The GBP/USD, good technical round number levels

The dollar changed unsignificantly near a seven-week high against other major currencies. Traders are taking profits after the recent rise of the dollar. The dollar has a growing against the probability of a US interest rate hike this month.
The pair GBP/USD fell by 0.32% to a minimum of six weeks at 1.2226.
 
On Friday, the dollar fell against other major currencies. Traders continued to take profits after a recent rise in price of the dollar to a maximum of seven weeks. However, the depreciation of the dollar is limited because of the increasing likelihood of higher interest rates in the US this month.
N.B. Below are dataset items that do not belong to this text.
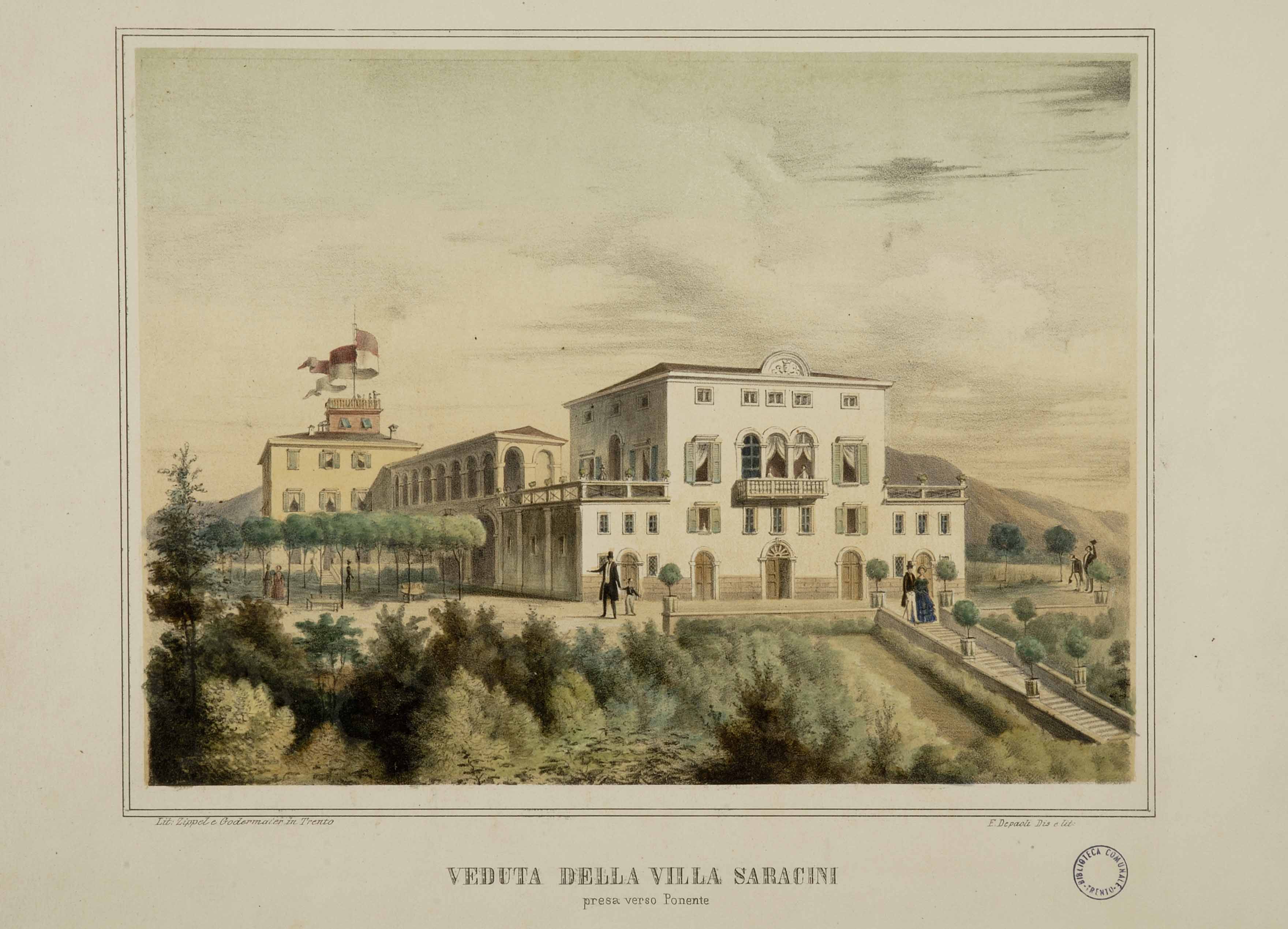 Litografia; 203x274 mm, su foglio 316x428 mm. Disegno e litografia di Fortunato Depaoli, pubblicata in La villa Saracini situata nel comune di Povo, Trento, Seiser, 1858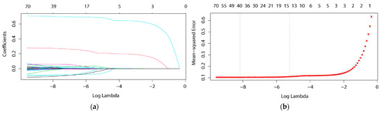 Feature selection via LASSO analysis. (a) Plots for LASSO analysis coefficients; (b) cross validation plot for the penalty term.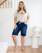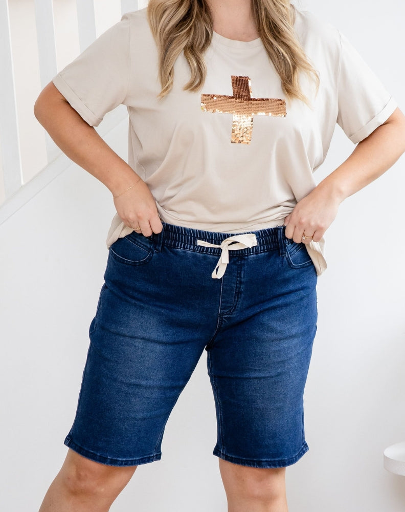 Model Bec wears a size 16. She is an AU 16. Her height is 176cm, bust is 104cm, waist is 91cm and her hips are 119cm.

The pair GBP/USD fell by 0.29% to a minimum of six weeks of 1.2230 after a research of group Markit said that last month the index of business activity in the manufacturing sector (PMI) fell to the UK five-month low of 53.3 against the values 54.5 in January. Analysts had expected in February to reduce this figure to 54.1. Later the pair rose to 1.2297.
 
Possible hammer formation on the GBPUSD with good resistance at the 1.2300 level, but a breakout of that level could change the trend of the pair.
 
Pound remains under 1.2300 level showing no clear directional strength, but risk is still on the downside, next support level lies around 1.22.
 
The pair appears to continue heading north, break below 1.2200 level. Bearish momentum is strong, further decline might lead to 1.21 level.
 
GBP/USD is testing the support at 1.2185 and the pair is quite bearish, but a short retracement is possible because there is an inverted hammer candlestick as well as a doji candlestick on the one-hour time-frame above the aforementioned support.
 
The British pound recorded a decline against the US dollar on Tuesday. The pair lost 38 pips at a closing price of 1.2197. Daily extreme values were reached respectively at 1.2251 and 1.2168. Bearish sentiment retain its dominance at present, as confirmed break of 1.2150 will enable the continuing decline.
 
Gbp/Usd remains bearish, 1.2150 is the key support level, break below could lead to further decline towards 1.2100 level.